Getting AI to learn well and learn every day is still a challenge
Whether it's GPT-4chan, Tay or Ice, their performance is not only about technology, but also about society and culture.
The Verge reporter James Vincent argues that while many of these experiments may seem like a joke, they require serious thought:.
How do we use public data to foster AI without including the worst aspects of humans?If we create bots that reflect their users, do we care if the users themselves are bad?

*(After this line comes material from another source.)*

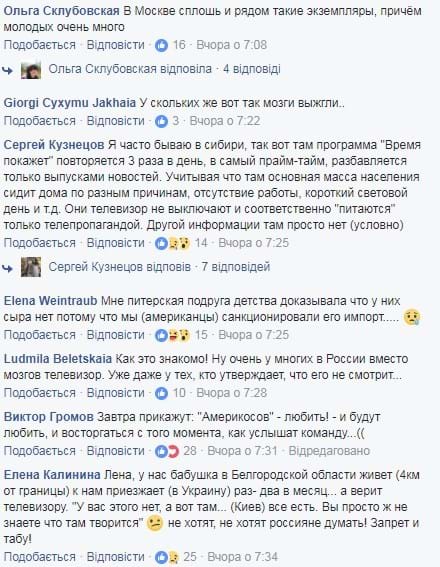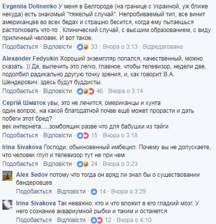 "У меня в Белгороде (на границе с Украиной, уж ближе некуда) есть знакомый "тяжелый случай". Непробиваемый тип, все винит американцев во всех бедах и страшно бесится, когда ему пытаешься растолковать что-то. Клинический случай, с высшим образованием, с виду приличный человек", - отметила Евгения Долиненко.

Interestingly, Yannic Kilcher admits that the GPT-4chan he created is egregious, yet also places great emphasis on the authenticity of the GPT-4chan, which he considers to be "significantly better than GPT-3" in terms of replies and learning to write posts that are "indistinguishable" from those written by real people.
It seems that the AI is doing a good job of 'learning to be bad'.
GPT-3 is a large language model developed by AI research group OpenAI that uses deep learning to generate text and is hotly sought after in Silicon Valley and by the developer community.
Not only is the GPT-4chan to be taken out and stomped on, but the GPT-3's naming also follows the GPT-3, with some self-proclaimed "backwaters slapping the front waves on the beach.
▲ Image from: The Moon
But at least, the GPT-3 has a bottom line.
GPT-3 has been publicly available through the OpenAI API since June 2020 and requires a waiting list. One reason for not open-sourcing the entire model is that OpenAI can control how people use it through the API, with timely governance for abuse.
In November 2021, OpenAI removed the waiting list and developers in supported countries/regions can sign up and experiment immediately. OpenAI says, "Security advances that enable broader availability".
For example, OpenAI at the time introduced a content filter that detects generated text that may be sensitive or unsafe, sensitive meaning that the text deals with topics such as politics, religion, race, etc., and unsafe meaning that the text contains profanity, prejudice, or hate language.
OpenAI says that what they have done does not yet eliminate the 'toxicity' inherent in large language models - GPT-3 was trained on over 600GB of web text, some of which came from communities with gender, racial, physical and religious biases, which can amplify biases in training data.
Returning to GPT-4chan, Os Keyes, a PhD student at the University of Washington, argues that GPT-4chan is a tedious project that will bring no benefit.
Does it help us raise awareness of hate speech, or does it make us focus on the claptrap? We need to ask some meaningful questions. For example, for GPT-3 developers, how GPT-3 is (or is not) restricted in its use, and then for people like Yannic Kilcher, what should be his responsibility when deploying chatbots.
And Yannic Kilcher insists he's just a YouTuber who has different ethical rules than academics.
▲ Image from: CNBC
Without commenting on personal ethics, The Verge reporter James Vincent makes a thought-provoking point.
In 2016, a company's R&D department could be launching aggressive AI bots without proper oversight. in 2022, you won't need an R&D department at all.
It's worth noting that Yannic Kilcher isn't the only one studying 4Chan, but also cybercrime researcher Gianluca Stringhini at University College London, among others.
When confronted with Gianluca Stringhini's 'hate speech' research, 4chan users were calm, "Just one more meme for us".
The same is true today, when GPT-4chan retired from existence and the fake address it used, "Seychelles", became the new legend of 4chan.